Contactless payment limits raised to £30

Paying by contactless card

The limit for contactless payments has been increased to £30 following a sharp increase in the number of transactions carried out by the method. Payment terminals were updated to accept the new limit from Tuesday 1st September to ensure national coverage.

The decision to raise the limit was taken collectively after extensive consultation with all of the parties in the cards payments industry.

More than £2.5bn was spent using contactless cards in the first half of 2015, new data from The UK Cards Association shows, compared with £2.32bn for the whole of 2014. Contactless spending has risen from £287m per month in January 2015 to £567m in June 2015.

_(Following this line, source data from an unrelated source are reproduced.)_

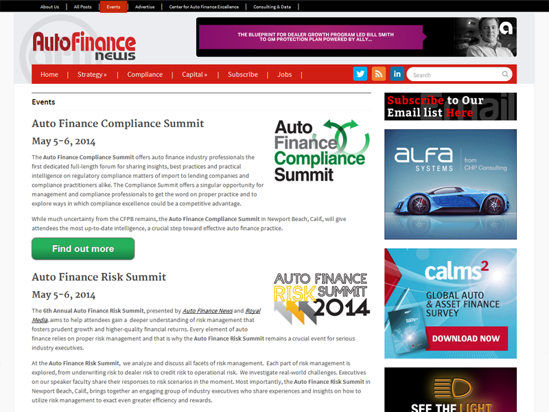 AutoFinanceNews.net is the premier online Auto Finance professional network. It is the online companion to the publication Auto Finance News – the leading periodical on the Auto Finance industry. AutoFinanceNews.net was created in 2009 on a customized NING Social Network platform (au courant at the time) and has enjoyed a loyal and strong audience ever since.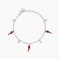 Bracciale regolabile da donna in argento rodiato con catena forzatina, ciondoli smaltati a forma di cornetto e zirconi.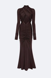 Halter neck gown in our ultra-comfortable lightweight jersey featuring a center-front cutout and ruching throughout. Fastens with invisible zipper at center back. - Materials: 83% Viscose, 17% Nylon - Care: Machine Wash Cold - Fit: True to Size - Model is 5'10" and Wearing a S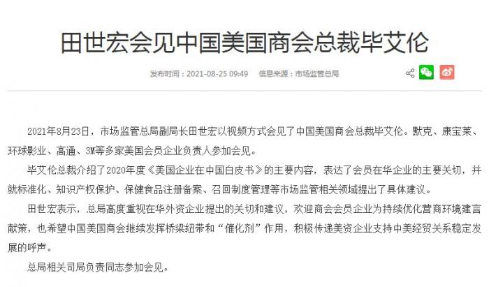 国家市场监督管理总局官网消息,8月23日,市场监管总局副局长田世宏以视频方式会见了中国美国商会总裁毕艾伦。默克、康宝莱、环球影业、高通、3M等多家美国会员企业负责人参加会见。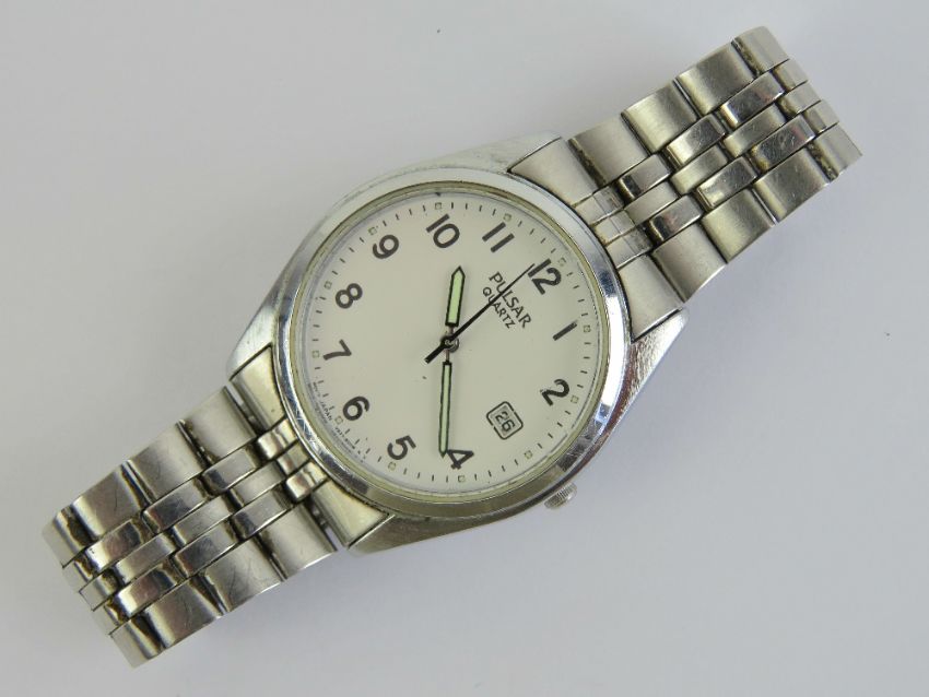 A Pulsar stainless steel wristwatch with original instructions booklet, white dial with date aperture, marked Japan VB37-800WRZ.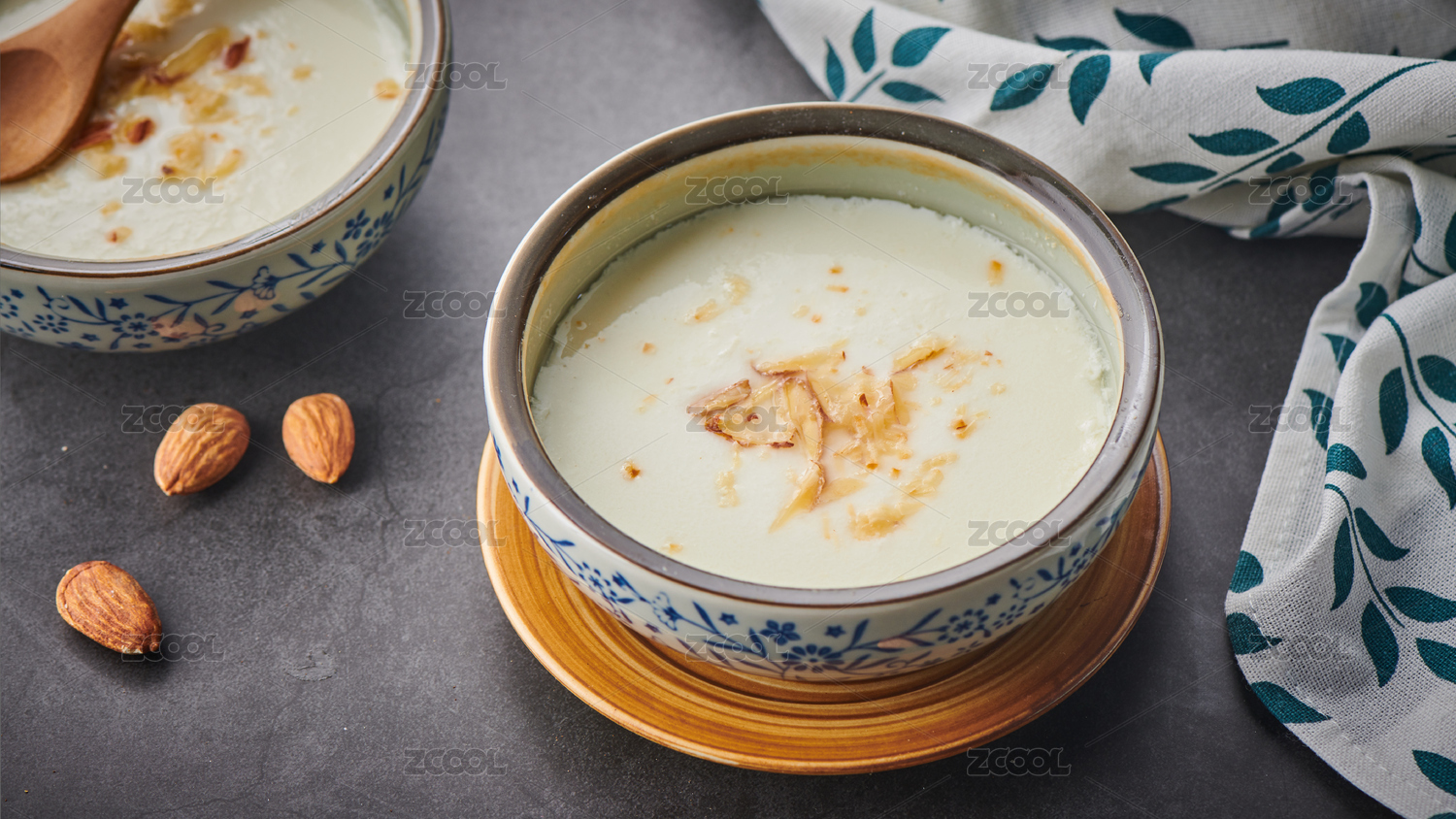 桌面上的碗里美味可口的牛奶荞麦麦片

Graham Peacop, Chief Executive Officer of The UK Cards Association, said: “Contactless payments are fast, easy and secure. With more contactless cards in wallets than ever before and a growing number of retailers accepting contactless payments, we have seen a huge rise in the number of payments being made,” he says. “The growth in contactless payments shows people want to use contactless cards and increasing the limit gives customers even more opportunities to pay in this way.”

The technology is ideally suited for convenience stores, with fraud on contactless cards extremely low, at less than one penny for every hundred pounds spent, and the vast majority of basket spend under the limit.

The average supermarket spend of £25 now falls below the contactless limit, giving shoppers more choice about the way they can pay for their goods. The average card spend in pubs, cinemas, dry cleaners, pet shops and gift shops also falls under the new £30 limit.

There are more than 69 million contactless payment cards in circulation. More than 9.3 million contactless payment cards were issued to consumers between January and June 2015.

Kevin Jenkins, Managing Director UK & Ireland at Visa Europe, said: “Contactless is becoming the ‘new normal’. This threshold increase to £30 gives consumers all the benefits of contactless across a broader range of their daily activities, and we expect to see this momentum continue to build as more people adopt mobile and wearable payment technology.”

Mark Barnett, President of MasterCard UK & Ireland, added:“ The pace of growth we are seeing in contactless is getting ever faster as we rely less and less on cash. Consumers enjoy the speed and convenience of tapping to pay. We expect this upward trend to persist with consumers continuing to migrate to contactless card payments and increasingly to mobile payments, as we work with partners such as Apple to enable more convenient ways to pay.”

Ray Brash, MD & Chairman at PrePay Solutions, said: “The average value of card transactions has been falling for a while now, as people continue to opt for greater convenience and become familiar with the technology. Contactless has become the norm for many transactions; as a retailer it has become vital to adopt the technology. You don’t want to answer the statement or question ‘go contactless’ with an embarrassed, sorry, we don’t do contactless.”